**Exercise:** Type out each entry exactly as it appears, but keep every image out.

**Data records:**
# # #
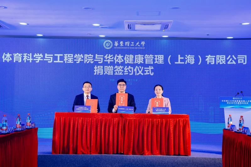 近日,华体健康管理(上海)有限公司向yl6809永利YL集团捐赠资金50万元,用于支持学校体育事业发展。捐赠仪式在我校奉贤校区隆重举行。华体健康管理(上海)有限公司董事长吴雷鸣、首席顾问周达人、总经理李哲超等企业代表,yl6809永利集团校友与发展联络处处长、教育发展基金会秘书长王芝眉、体育学院党委书记徐文方、院长叶心明、副院长韩骏、杜梅等共同见证。签约仪式由杜梅主持。
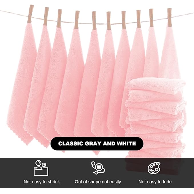 MOONQUEEN Microfiber Facial Cloths Fast Drying Washcloth 12 Pack - Premium Soft Makeup Remover Cloths - Pink
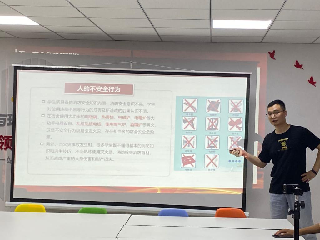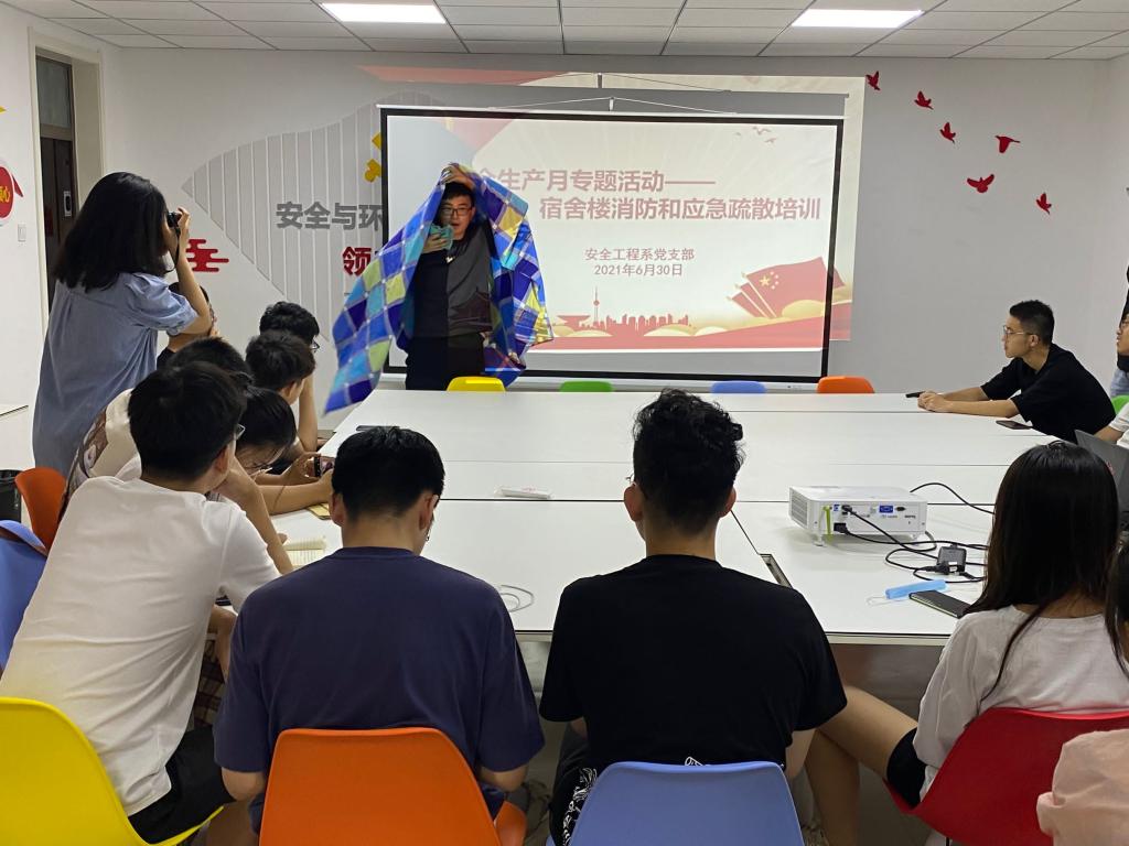 为深入贯彻习近平总书记关于安全生产系列重要指示精神,进一步加强校园安全宣传教育工作,作为安全生产月专题活动的重要环节,6月30日,安全工程系党支部深入学生宿舍,并由支部书记孙路路与支部委员贺敏、于海明组织学院2020级宿舍长开展“宿舍楼消防和应急疏散培训”。
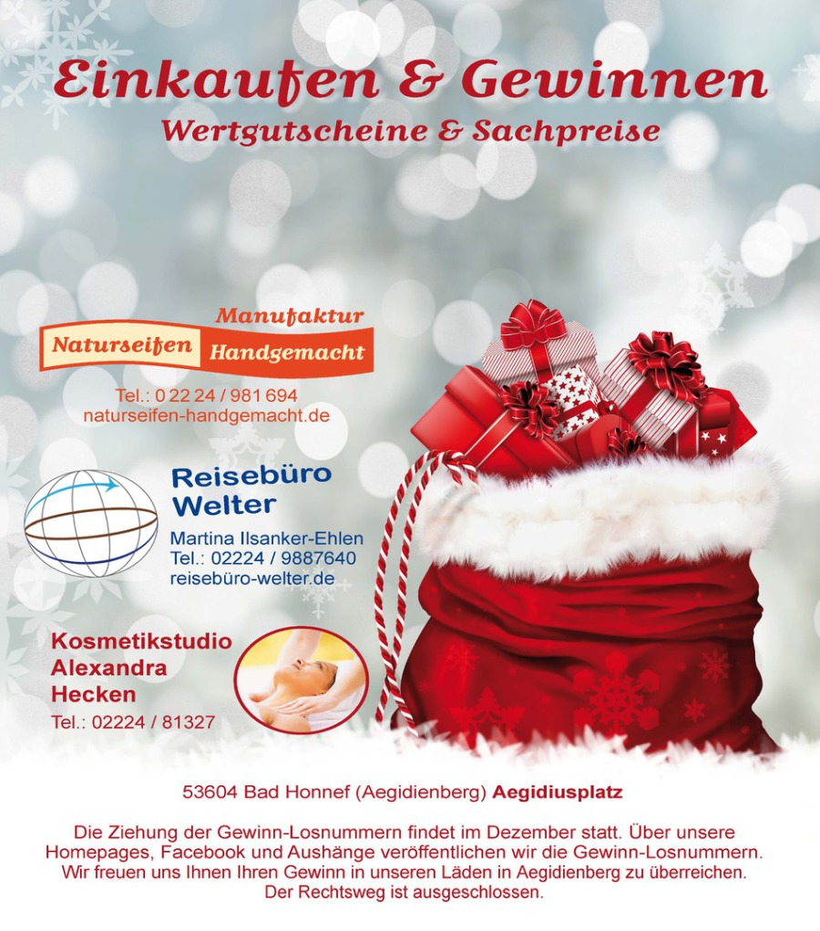 Veröffentlichung der Gewinn-Losnummern von der Weihnachtsverlosung
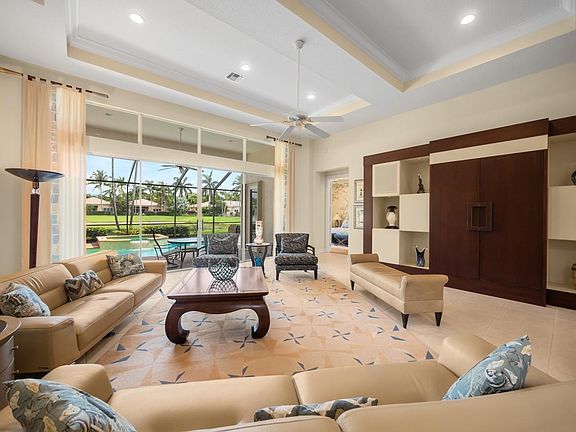 SERENITY AND SPACE WITH A SPECTACULAR WATER VIEW!! DOUBLE GLASS DOORS LEAD ON TO THIS STUNNING THREE BEDROOMS PLUS DEN HOME THAT STILL SHOWS LIKE A NEW MODEL. THE KITCHEN HAS BEEN TOTALLY REMODELED WITH TALL, MATCHED WOOD CABINETRY, BOOKEND GRANITE COUNTERTOPS STAINLESS STEEL APPLIANCES, GAS COOKTOP, TOUCHLESS SINK FAUCET AND SMASHING GLASS TILE BACKSPLASH. ADDITIONAL FEATURES INCLUDE WOOD FLOORS IN ALL THE BEDROOMS, DESIGNER INTERIOR PAINT, A GORGEOUS ENTERTAINMENT WALL IN THE FAMILY ROOM, AN OFFICE WITH CUSTOM BUILT-INS, A HOUSE GENERATOR, TOTAL HURRICANE PROTECTION, SEPARATE GOLF CART GARAGE AND PAVER PATIO WITH POOL AND SPA. THIS IS A TOTALLY MUST-SEE HOME. PURCHASE OF A GOLF EQUITY MEMBERSHIP, $130,000, REQUIRED AT CLOSING.
# # #
**Your response:**
 近日,华体健康管理(上海)有限公司向yl6809永利YL集团捐赠资金50万元,用于支持学校体育事业发展。捐赠仪式在我校奉贤校区隆重举行。华体健康管理(上海)有限公司董事长吴雷鸣、首席顾问周达人、总经理李哲超等企业代表,yl6809永利集团校友与发展联络处处长、教育发展基金会秘书长王芝眉、体育学院党委书记徐文方、院长叶心明、副院长韩骏、杜梅等共同见证。签约仪式由杜梅主持。
 MOONQUEEN Microfiber Facial Cloths Fast Drying Washcloth 12 Pack - Premium Soft Makeup Remover Cloths - Pink
 为深入贯彻习近平总书记关于安全生产系列重要指示精神,进一步加强校园安全宣传教育工作,作为安全生产月专题活动的重要环节,6月30日,安全工程系党支部深入学生宿舍,并由支部书记孙路路与支部委员贺敏、于海明组织学院2020级宿舍长开展“宿舍楼消防和应急疏散培训”。
 Veröffentlichung der Gewinn-Losnummern von der Weihnachtsverlosung
 SERENITY AND SPACE WITH A SPECTACULAR WATER VIEW!! DOUBLE GLASS DOORS LEAD ON TO THIS STUNNING THREE BEDROOMS PLUS DEN HOME THAT STILL SHOWS LIKE A NEW MODEL. THE KITCHEN HAS BEEN TOTALLY REMODELED WITH TALL, MATCHED WOOD CABINETRY, BOOKEND GRANITE COUNTERTOPS STAINLESS STEEL APPLIANCES, GAS COOKTOP, TOUCHLESS SINK FAUCET AND SMASHING GLASS TILE BACKSPLASH. ADDITIONAL FEATURES INCLUDE WOOD FLOORS IN ALL THE BEDROOMS, DESIGNER INTERIOR PAINT, A GORGEOUS ENTERTAINMENT WALL IN THE FAMILY ROOM, AN OFFICE WITH CUSTOM BUILT-INS, A HOUSE GENERATOR, TOTAL HURRICANE PROTECTION, SEPARATE GOLF CART GARAGE AND PAVER PATIO WITH POOL AND SPA. THIS IS A TOTALLY MUST-SEE HOME. PURCHASE OF A GOLF EQUITY MEMBERSHIP, $130,000, REQUIRED AT CLOSING.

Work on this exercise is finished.